Łukasz Motkowicz (Figaro) (c) Andrzej Kalinowski

In Act I, the robust men’s chorus appeared as masked special forces in winter camouflage carrying automatic weapons as they accompanied Count Almaviva to Bartolo’s house, where he demanded to be billeted to be closer to Rosina. The men’s footwork was as impressive as their singing.

In the final scene of the opera, they appeared as military-like police dressed in black when summoned by Bartolo to arrest Almaviva. When the men turned around, the letters on their backs spelled carabinieri, then just three letters – CBA – which prompted spontaneous laughter from the audience. The acronym stands for Centralne Biuro Antykorupcyjne, which translates to the Central Anticorruption Bureau.

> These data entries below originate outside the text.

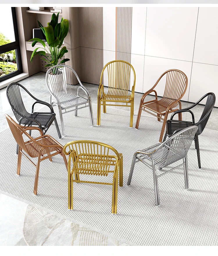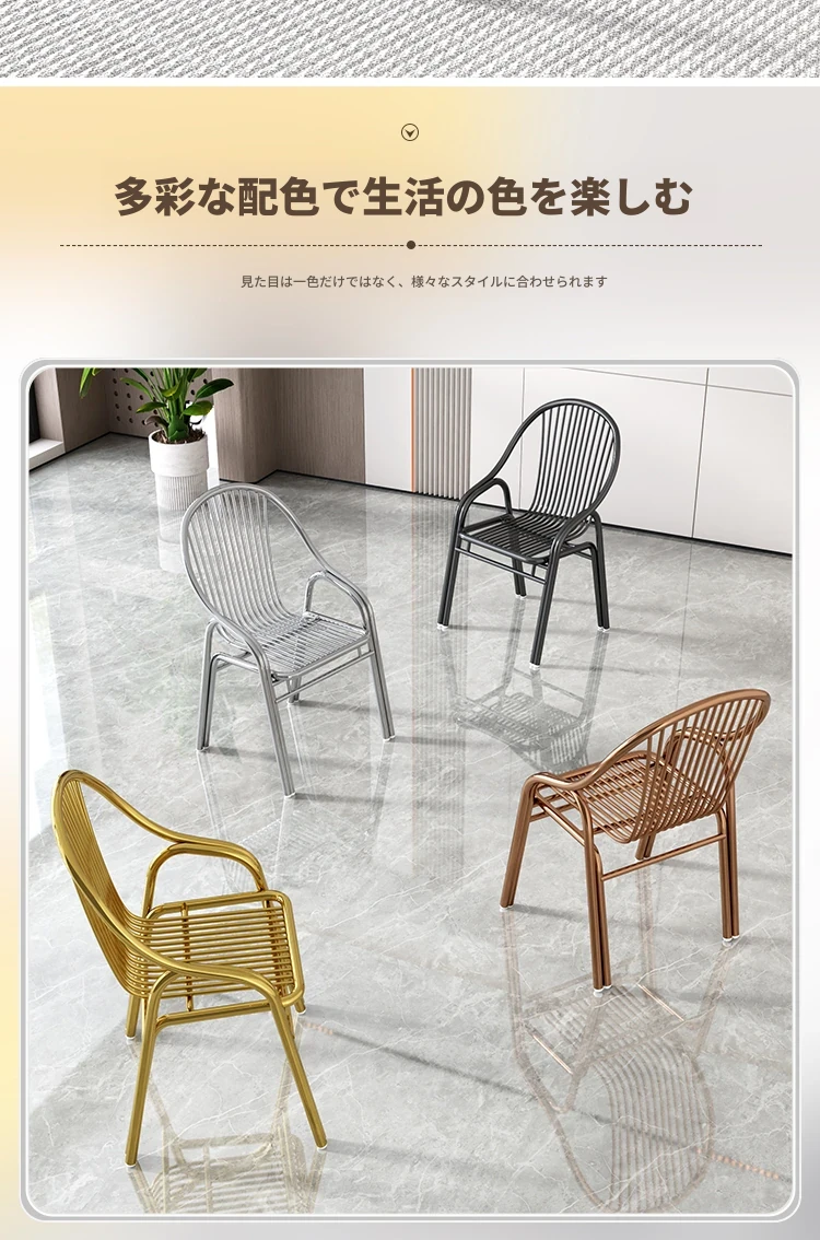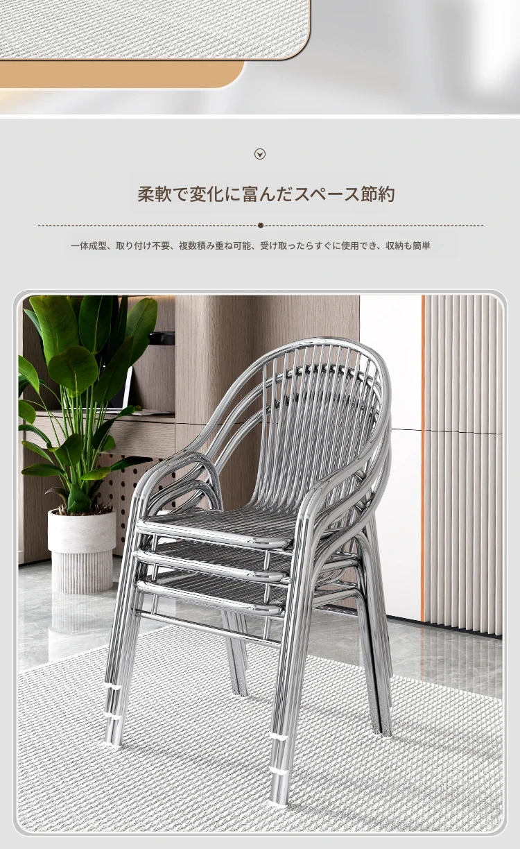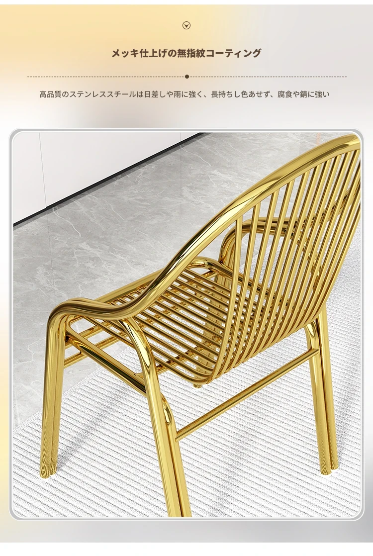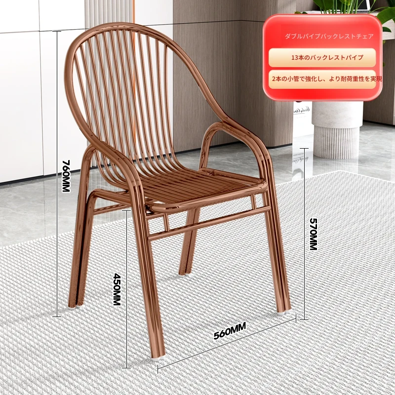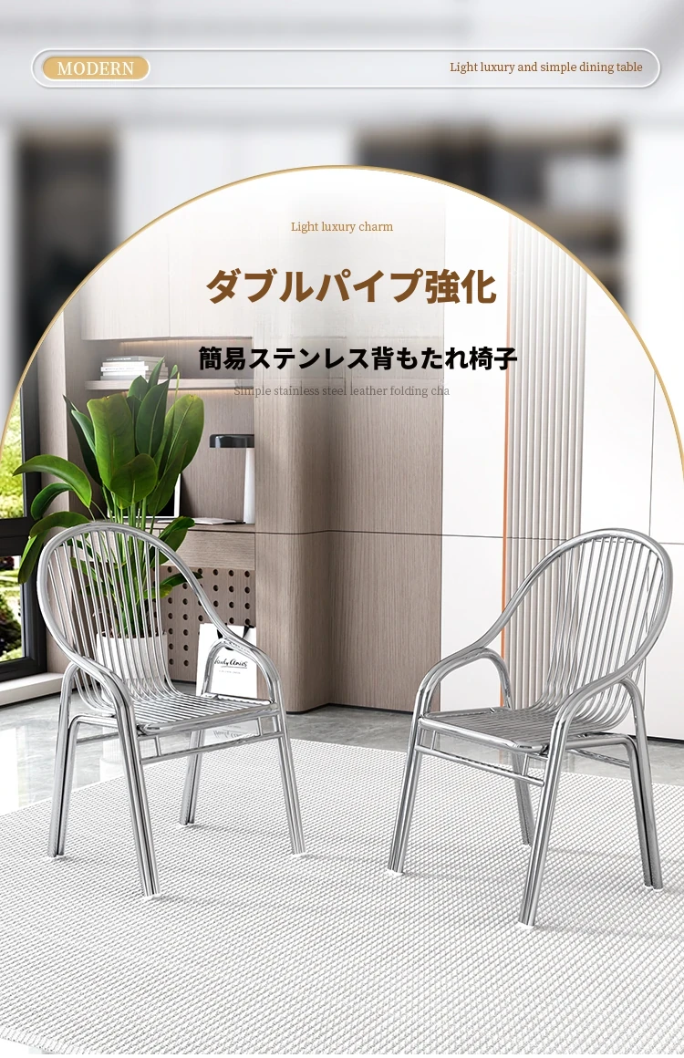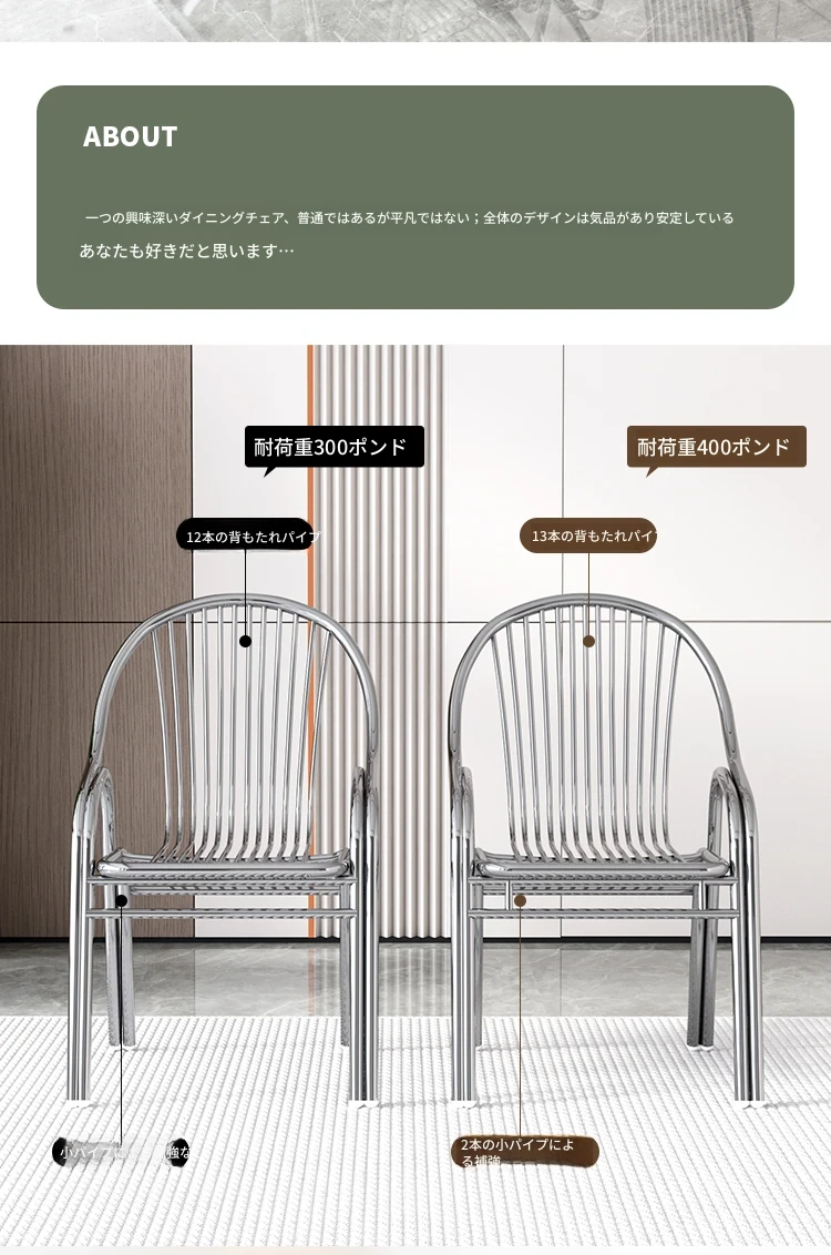 ステンレス製アウトドアチェア|モダンデザインの背もたれ付き家庭用金属バルコニーダイニングチェア|シンプルでリラックスできる一人掛けアームチェア!快適な座り心地でおしゃれな空間を演出します。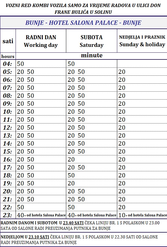 Kako bi se stanovnicima Bunja i putnicima iz zone radova osigurala što bolja povezanost, izvođač radova angažirat će kombi vozilo koje će polaziti s Bunja 10 minuta ranije u odnosu na polaske koji su navedeni u voznom redu linije br.1, a prometovat će do privremenog okretišta kod Hotela Salona Palace i obratno, gdje će putnicima sa područja gdje se izvode radovi biti omogućeno presjedanje (u polasku i dolasku) tj. korištenje autobusa na liniji br.1 koji će prometovati po uobičajenom voznom redu.
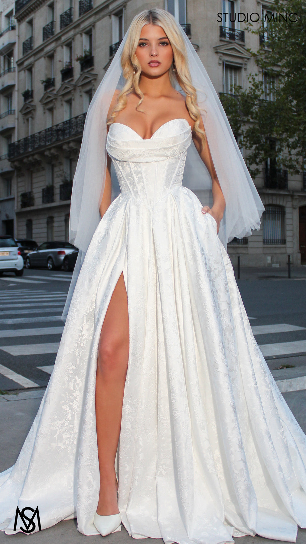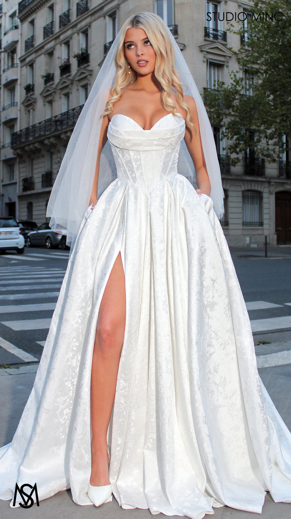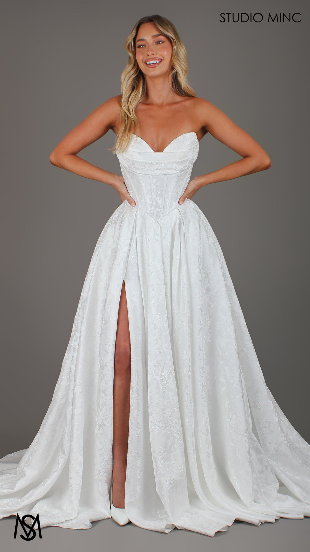 POSIE is a beautiful wedding dress with gorgeous embossed satin fabric! The strapless corset features bra cups with diagonal boning and drape design. The corset shape fits snuggly around the midsection with a striking basque waist detail. The skirt has inverted pleats with a leg slit and pockets!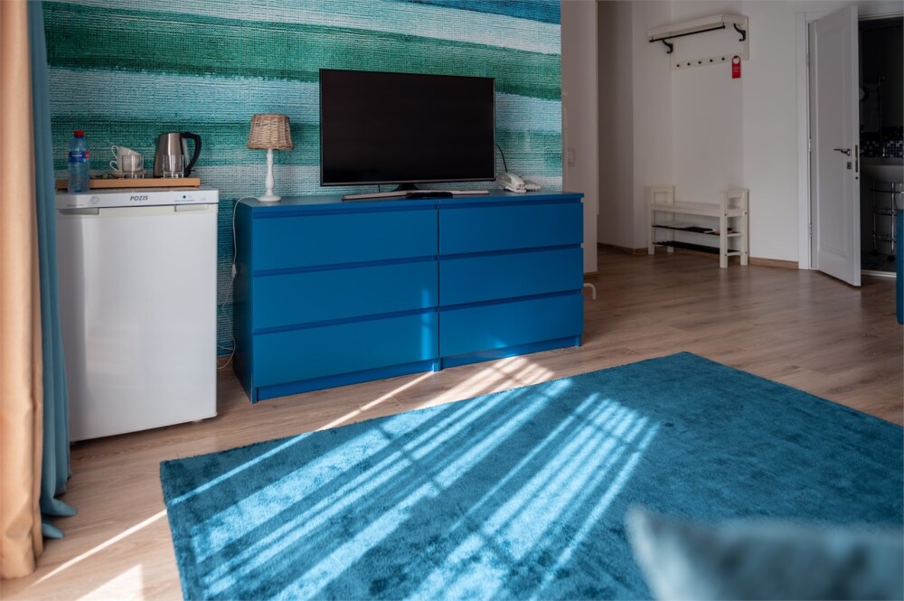 Большой комфортный номер-студия 38,1 кв. м с 2 не изолированными комнатами, с видом на горы, оборудован всем необходимым для отдыха. В номере: двуспальная кровать, Диван 3-местный, 2 Балкона, 2 - TV, Wi-Fi.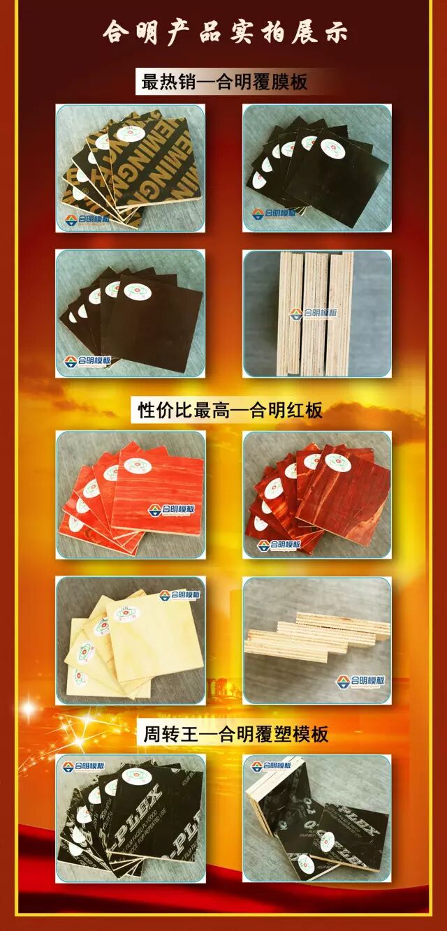 合明模板,坚硬耐磨、密实牢固、平整细腻、柔韧性好、超强防水、不易脱胶、周转次数高,赢得广大用户青睐。合明模板质量看得见,高压锅沸水煮2小时不开胶,质量保证,好评不断,品牌知名度高,获得“中国建筑模板十大品牌”、“知名商标”等多项荣誉。合明共有建筑模板近200种,如一建筑模板超市,产品种类多,可挑选,客户都能在合明找到适合自己工地的产品。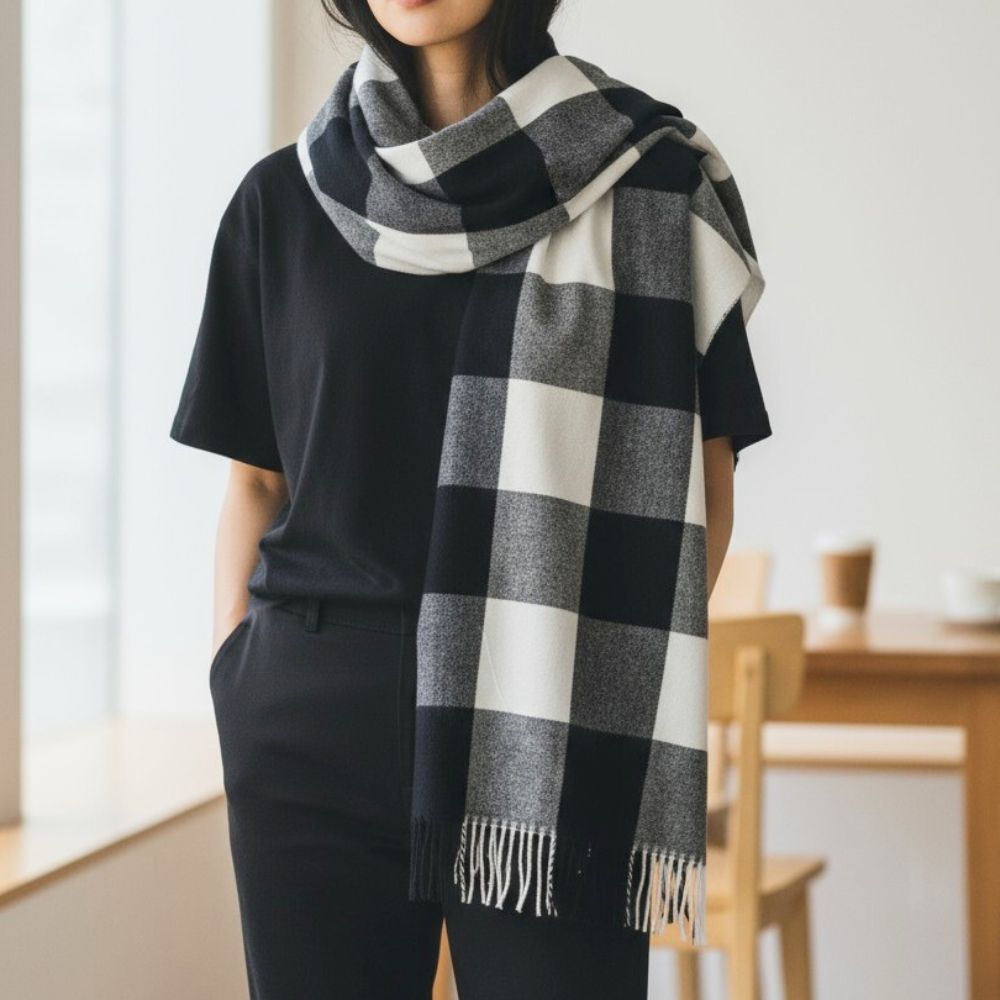 Γυναικεία Πασμίνα Μακριά με Κρόσσια Καρό Alina – Ασπρόμαυρη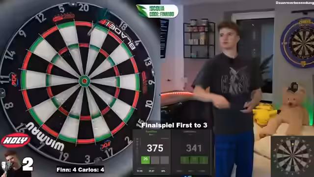 00:03:12Zu Beginn des Streams äußert die Streamerin Frustration über wiederholte Internetabbrüche auf Twitch, die Zuschauer verlieren. Kurz nach dem Start treten bei ihr und ihrem Gegner Carlos technische Schwierigkeiten auf, zu denen sie insoweit kommuniziert, dass zunächst unklar ist, bei wem das Problem liegt. Nach der Klärung, dass es sich um ein Anzeigefehler handelt, wird beschlossen, das Match neu zu starten, da Carlos zuvor im Spiel geführt hatte. Der Modus Cricket, bei dem nur die Zahlen 15 bis 20 und der Bull gezählt werden, um Felder zu blockieren und Punkte zu machen, wird dem Chat erklärt.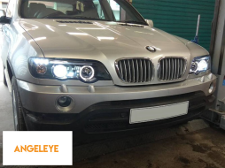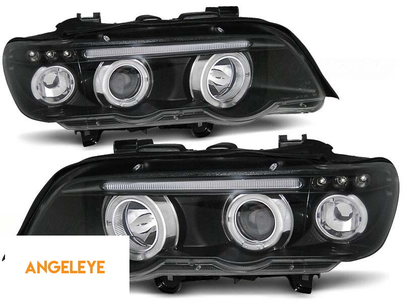Kit de faruri tuning cu ochi de înger halogen potrivit pentru BMW X5 E53 09.1999-10.2003, stânga și dreapta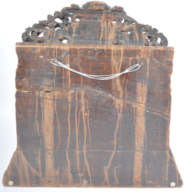 A large 17th Century Belgium chestnut and walnut carved ecclesiastical confessional seat cresting rail depicting a religious heavenly ascent scene. Scroll and foliate decoration throughout with carved figures, birds and masks with a central chrube below a protruding Jesus holding the orb with detailed carved leaf decoration surrounding him. Wear commensurate with age, overall a good example. Measures approx; 94cm x 71cm x 17cm.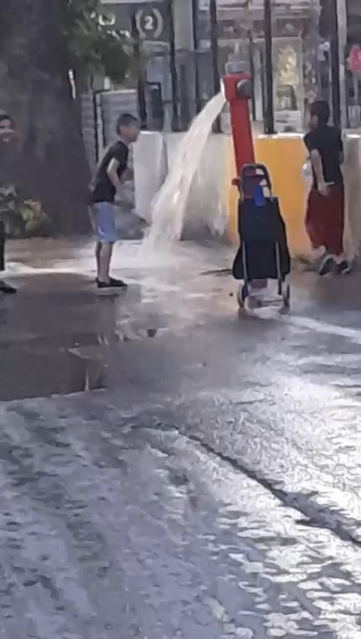 Yangın vanasını açıp altına girdiler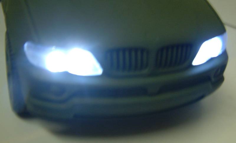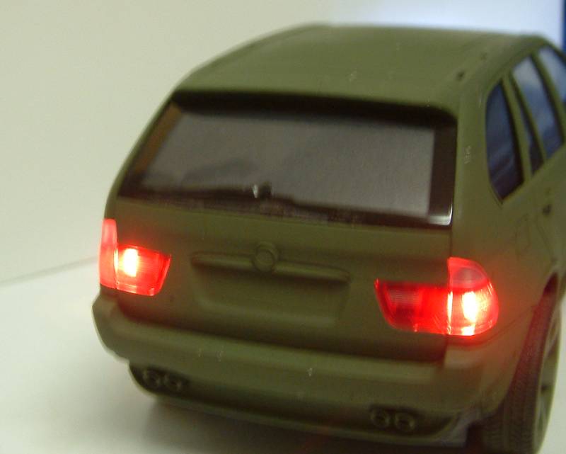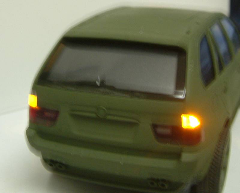Im Original Zustand konnte das Modell fahren , zudem konnte man das Fahrlicht vorne (4 weiße LEDs) ein und ausschalten (Rückleuchten hat er nicht). Beim Lenken haben jeweils die Blinker vorne und hinten geleuchtet (gelbe LEDs). Wenn man vom Gas gegangen ist sind die Bremslichter hinten angegangen.

The contrast between Motkowicz’s suave young Figaro and Gierlach’s aging Lothario of a Bartolo was obvious before either sang a note. The former was in somewhat androgynous attire, while the latter wore sunglasses, heavy gold chains and pointy-toed, canary-yellow shoes. Monika Korybalska’s Rosina was repelled by the lecherous Bartolo but captivated by the dashing young ‘Lindoro’ of Jarosław Bielecki. Toss in Sebastian Marszałowicz’s Don Basilio, a shadowy, unscrupulous man of cloth, and it made for a real romp musically and dramatically.

Motkowicz has a robust baritone with a free and easy top, and he made light work of Figaro’s entrance aria, ‘Largo al factotum’. Gierlach’s detailed characterization made his Bartolo unforgettable: he just seemed to be having so much fun.

Figaro and Bartolo’s contretemps centered upon Monika Korybalska’s glamorous Rosina, whose alluring mezzo-soprano has a dusky lower range that bloomed effortlessly as it ascended the scale. Her opening aria, ‘Una voce poca fa’, was sprinkled with fascinating ornamentation, in addition to nimble coloratura and dazzling high notes.

Bielecki’s fine lyric tenor and comic flare made for an engaging Almaviva. His impersonations of a drunken soldier and annoying music master were spot on.

Tomasz Tokarczyk conducted a brisk, sparkling performance of Rossini’s comedy. The sound of a piano, as opposed to a pianoforte, accompanying the recitatives was unexpected, but it fit with the updating of the action. A reprise of the overture during the first round of curtain calls was another surprise, but it kept the high spirits of this delightful evening at the opera flowing.